A total of approximately 12 structures were reported as already solved in these pilot projects. Analysis of these structures is generally still in progress, but for the proteins where the function was previously unknown, some functional insight has been easily obtained in all but one instance. Many more proteins are in the pipeline, and we can expect a flood of structures in the next year. All groups reported an encouraging level of success with expression, purification, and crystallization. Although it is still early to draw definite conclusions, results from these pilot projects are very promising. It was apparent that each group has taken a quite different view of how to choose targets.
On the international landscape, Udo Heinemann (Max Delbrueck Center, Berlin) described the "Protein Structure Factory". This is a consortium of groups, funded in the Berlin region by the German Ministry for Research (BMBF), with approximately $20 million over 5 years, and an expectation of producing at least 100 structures. Among others, thermostable proteins will be studied, primarily selected to represent new folds, antibiotic targets, or translation components. Proteins will be expressed in E. coli, and there will be a strong emphasis on automation and parallel processing at all stages--particularly for protein production and crystallization. Dedicated beam facilities will be built at the Bessy II synchrotron in Berlin.

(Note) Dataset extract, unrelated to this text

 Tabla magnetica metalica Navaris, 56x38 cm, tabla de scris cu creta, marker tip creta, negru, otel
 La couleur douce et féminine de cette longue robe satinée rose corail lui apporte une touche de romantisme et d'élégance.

Shigeyuki Yokoyama (University of Tokyo) described three Japanese initiatives in structural genomics. Most advanced is a very large-scale investment in NMR facilities to be partly used for determining the structure of proteins from mice. This project is associated with the Genomic Sciences Center (GSC) established by the Institute of Physical and Chemical Research (RIKEN) in Yokohama, Japan. In addition to human genome sequencing, the effort includes a mouse genome project. Currently, 20,000 mouse clones are available, and proteins are being expressed in a novel cell-free system, making possible the production of isotope labeled material needed for NMR at low cost. It is expected that approximately 100 structures a year will be obtained.
A second project will focus on full functional and structural characterization of the genes from a thermophilic organism, T. thermophilus, currently being sequenced. The aim is also to obtain approximately 100 structures a year, primarily using X-ray crystallography, utilizing the new Spring 8 synchrotron.

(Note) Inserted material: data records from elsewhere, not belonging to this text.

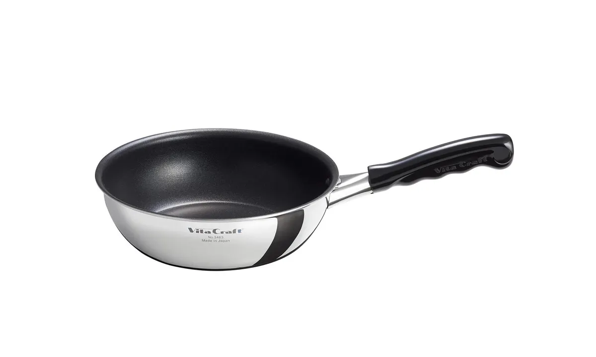 ●本体は熱効率に優れたステンレス+アルミの全面2層構造。円盤を回転させながら成型するスピニング加工により側面を薄く仕上げることで、軽量化を実現しています。●POLYGOシリーズ最高級グレード「マキシ プリムス」を採用。こびりつき・焦げつきを防ぎ、お手入れも簡単。耐摩耗テストは200万回をクリア。PFOAフリーで安心です。●持ち手の部分は、ビタクラフトの定番ステンレス鍋の片手ハンドルと同じデザイン。手にぴったりなじんで使いやすく、ストレスを感じません。●本体の成型から研磨、内面のコーティングや部品の取り付け、梱包に至るまで、全製造工程を日本国内で一貫して行っています。
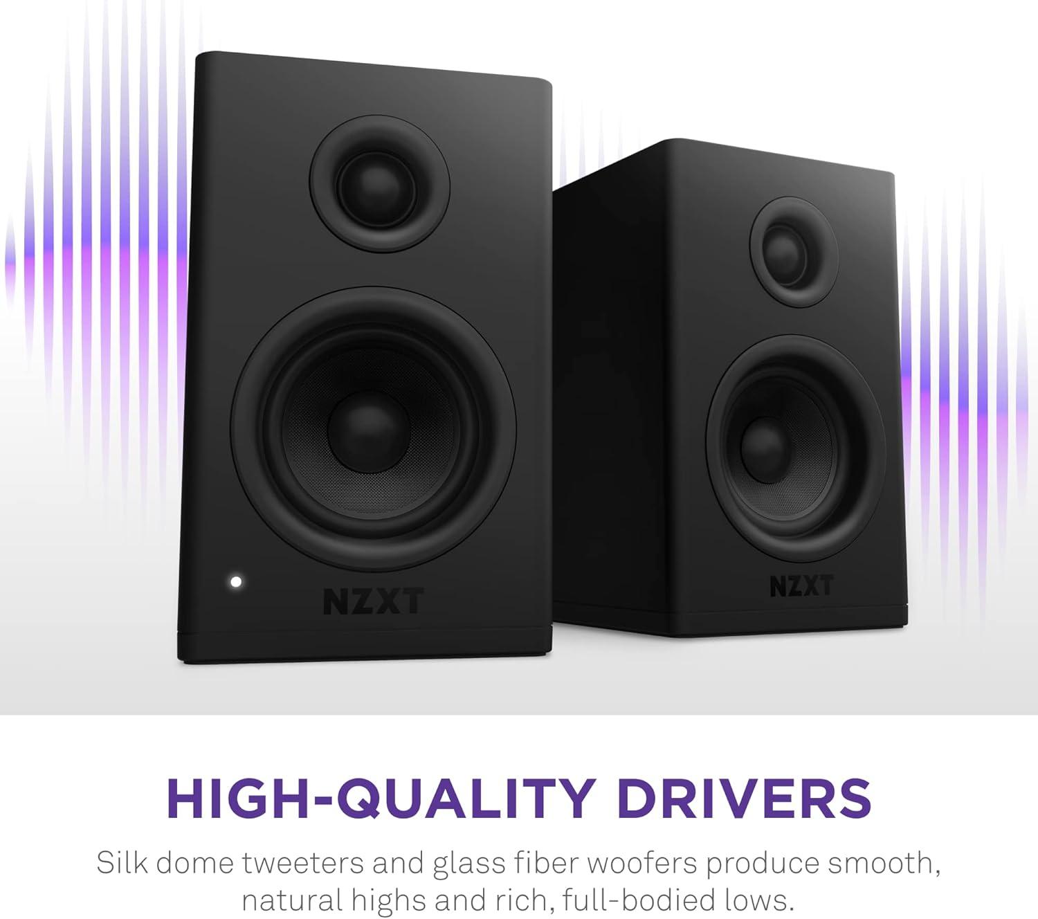 NZXT Relay PC Gaming Desktop Speakers – Bookshelf-Style Design – 80 Watts – High Dynamic Range – Silk Dome Tweeters – Glass Fiber Woofers – High-Quality MDF Construction – Black
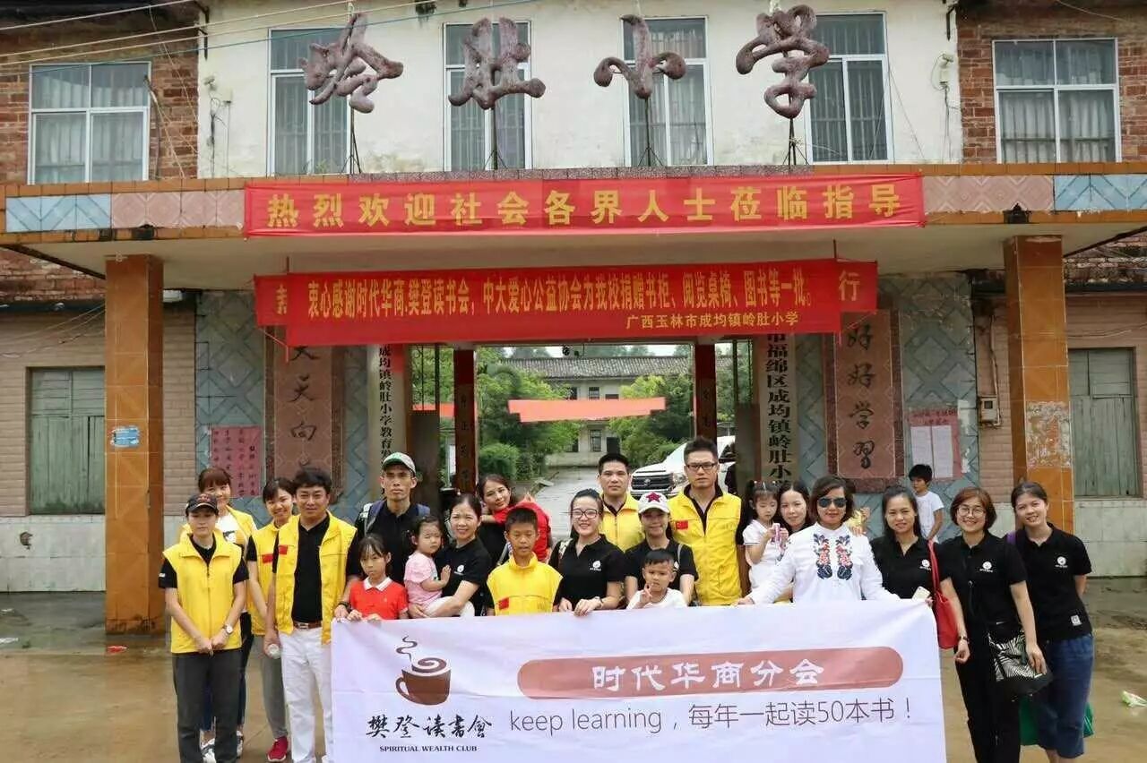 其中7月初,时代华商商学院组织了一批爱心人士前往广西玉林市福绵区成均镇井龙小学和岭肚小学,带上时代华商学员捐赠的1000多本书籍,并另外捐赠了两个图书室所需要的书桌、书柜和1200多本新书。此举受到当地学生、家长和老师的一致感谢!

Finally, a third planned project would determine structures of "hypothetical" proteins from the aerobic thermophilic organism Pyrococcus horikoshii.
Tom Blundell (Cambridge, UK) outlined the Structural Biology Industrial Platform (SBIP), a consortium of 15 companies, including some of Europe's largest pharmaceutical industries. Members of this organization will work with each other, the European Commission, and research centers in Europe to promote structural biology training and development. Its activities will include structural genomics. Philippe de Taxis du Poet of the European Commission described the expected plan for "Framework 5" European funding, where approved projects will have demonstrable potential industrial or society benefits. It is likely that several groupings in different European countries, including academic and industrial researchers, will put forward structural genomics proposals under the European Union funding program.

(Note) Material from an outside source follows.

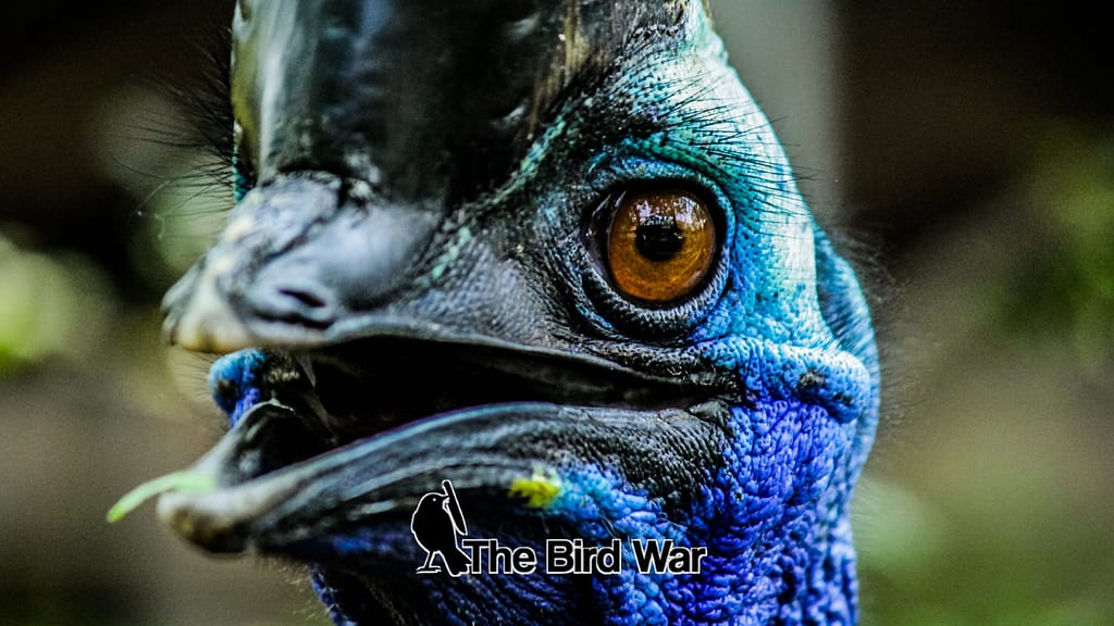 Cassowaries are native to New Guinea and parts of Australia, and are known to attack people and animals if they feel threatened. They are similar to emus and stand up to 6 feet tall and weigh up to 130 pounds, with black body feathers and bright blue heads and necks.

Marvin Cassman (NIGMS) asked the workshop participants how they envisioned structural genomics research changing in response to the initiation of a NIGMS support program, since research in the field is already progressing rapidly. He pointed out that several workshops and meetings have taken place over the last year, including two sponsored by NIGMS. As a result of the most recent one (the NIGMS planning meeting in November 1998), the Institute plans to announce a national support program for research centers to serve as pilots for a subsequent large-scale program. The pilots will have three goals: (1) to develop technology and to establish the milestones critical for a high-throughput, large-scale structural genomics project; (2) to develop target selection schemes; and (3) to provide the preliminary results necessary to establish the importance and relevance of this initiative. He asked the group to discuss the scientific benefits of structural genomics research projects and the need for a concerted effort.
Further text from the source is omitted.